### Work to complete
All that is needed is an exact copy of the lines from the beginning of the data below through the line containing "<p>Belgium, West Flanders", minus the pictures.

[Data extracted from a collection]

========================

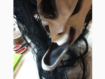 Häxmask med peruk, klassisk halloween mask.
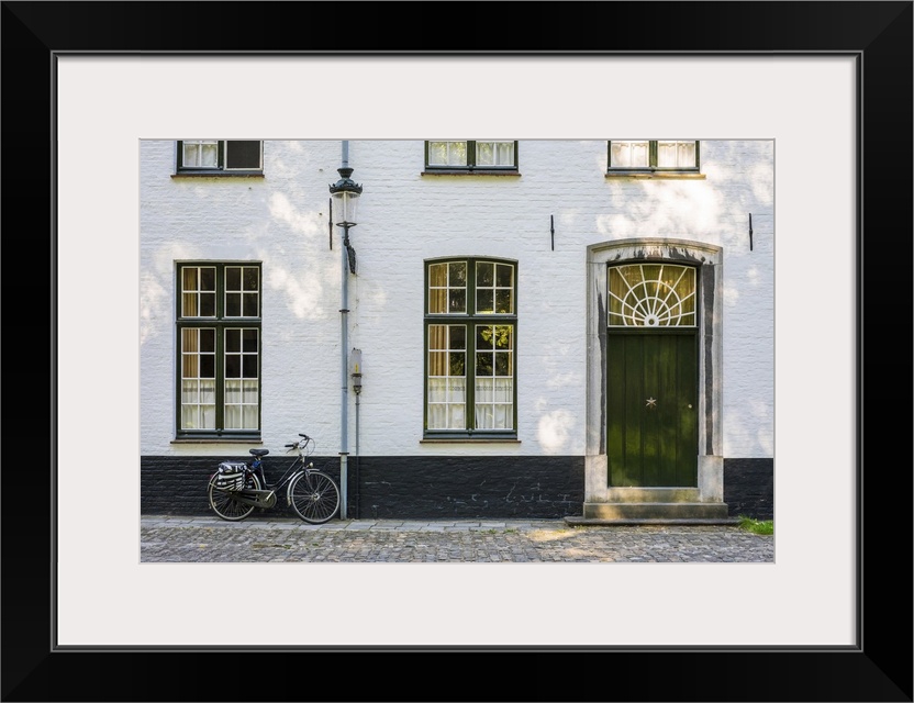 <p>Belgium, West Flanders (Vlaanderen), Bruges (Brugge). Bicycle next to a house in the Begijnhof (Beguinage) of Bruges.</p>
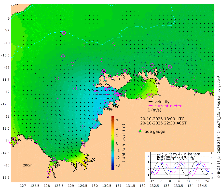111cm/s -103T +4cm/s rms + 6cm/s 51T. Darwin_C1 52m 83cm/s -88T +4cm/s rms + 7cm/s -161T. Darwin_CW1 22m 88cm/s -108T +4cm/s rms + 8cm/s 61T. Darwin_CW2 34m 38cm/s -122T +3cm/s rms + 9cm/s 98T. Darwin_CW3 22m 107cm/s -92T +5cm/s rms + 7cm/s 88T. Darwin_C3 56m 67cm/s -115T +2cm/s rms + 9cm/s -126T. Darwin_CTbW 22m 4cm/s -37T +9cm/s rms + 2cm/s -110T. NWSLYN 196m 64cm/s -90T +1cm/s rms + 1cm/s -47T. DARBGF 30m 3cm/s -128T +7cm/s rms + 2cm/s -137T. ITFTIS 464m 9cm/s -15T +9cm/s rms + 1cm/s 74T. ITFMHB 146m 38cm/s -25T +4cm/s rms + 1cm/s -134T. ITFJBG 61m 30cm/s -42T +6cm/s rms + 4cm/s 121T. ITFFTB 108m 59cm/s -61T +4cm/s rms + 3cm/s 80T. NRSDAR 19m 110cm Carronade Island 116cm Guy Point 108cm Napier Broome Bay 36cm Lesueur Island -21cm Reveley Island -7cm Rocky Island -30cm Cape Domett -27cm Lacrosse Island 20cm Adolphus Island 100cm Pender Point 145cm Wyndham -30cm The Boxers -64cm Unnamed Shoal 17cm Loxton Shoal -69cm Pelican Island -28cm Calder Shoal -4cm Evans Shoal 30cm Quoin Island -106cm Port Keats -116cm Jones Point 46cm Catfish Island -123cm Cape Scott Offshore -158cm Cape Ford -151cm Anson Bay -28cm Goodrich Bank -130cm Peron Island North -140cm Point Jenny -141cm Native Point -146cm Fish Reef -153cm Tapa Bay -101cm Point Fawcett (Offshore) -145cm Burge Point -158cm Munkunuwa -123cm Beagle A -146cm Parsons Bank -141cm Fenton Patches -11cm Lynedoch Bank -132cm Hancox Shoal Area -145cm Nightcliff -151cm Darwin -151cm Charles Point Patches -71cm Glyde Point 3cm Chambers Bay 24cm Point Stuart -36cm Cape Hotham 13cm Christine Reef 35cm West Alligator Head 72cm East Field Island -5cm Two Hills Bay -65cm Newby Shoal -8cm Camp Point -151cm Medina Inlet South -91cm South Barlow Point -69cm St. Asaph Bay -37cm Cape Van Dieman -41cm Snake Bay -30cm Cache Point 39cm Echo Shoal -31cm Point Jahleel (Off) -40cm Cape Don -38cm Port Essington -39cm Smith Point - West -31cm NW Peacock Island -26cm North Of Jones Shoal -10cm Peacock Island -36cm Point David -39cm D'urville Point -24cm Money Shoal -34cm Copeland Island -39cm Cape Cockburn -33cm One Tree Point -29cm Hogmany Shoal -30cm New Year Island - West -31cm Grant Island -36cm Aurari Bay -27cm Cuthbert Point -34cm North Goulburn Island -25cm Paxie Shoal -20cm Entrance Island -6cm Yabooma Island
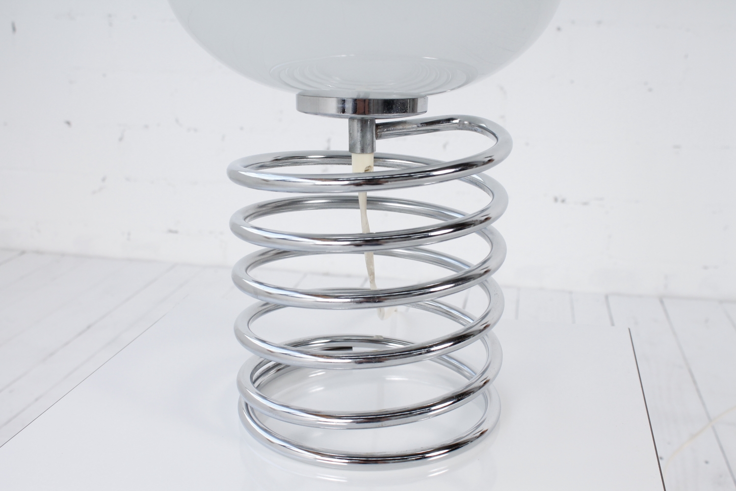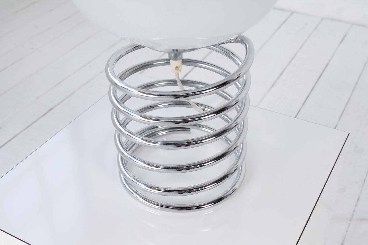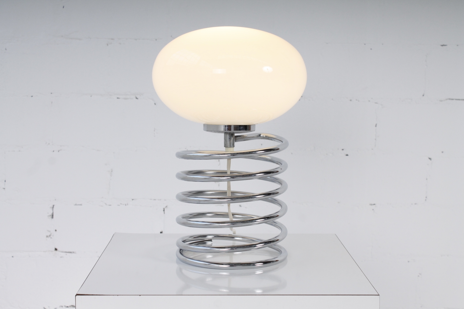 - BeschreibungSeltene Spirallampe von Ingo Maurer mit einer verchromte Spirale als Base und einem Diskusförmigen Schirm aus Opalglas.
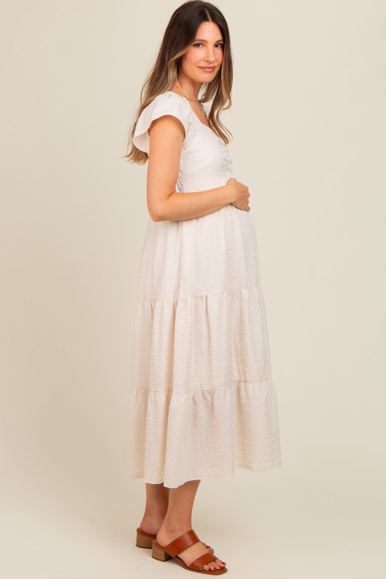 Ivory Textured Sweetheart Neck Short Puff Sleeve Tiered Maternity Midi Dress
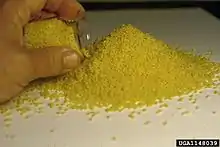 Red imported fire ants have negative impacts on seed germination. The extent of the damage, however, depends on how long seeds are vulnerable for (dry and germinating) and by the abundance of the ants.[158] One study showed that while these ants are attracted to and remove seeds which have adapted for ant dispersal, red imported fire ants damage these seeds or move them in unfavourable locations for germination. In seeds given to colonies, 80% of Sanguinaria canadensis seeds were scarified and 86% of Viola rotundifolia seeds were destroyed.[159] Small percentages of longleaf pine (Pinus palustris) seeds deposited by workers successfully germinate, thus providing evidence that red imported fire ants help the movement of seeds in the longleaf pine ecosystem. Elaiosome-bearing seeds are collected at a higher rate in contrast to nonelaiosome-bearing seeds and do not store them in their nests, but rather in surface trash piles in the mound vicinity.[160]

========================

### Exercise result
 Häxmask med peruk, klassisk halloween mask.
 <p>Belgium, West Flanders (Vlaanderen), Bruges (Brugge). Bicycle next to a house in the Begijnhof (Beguinage) of Bruges.</p>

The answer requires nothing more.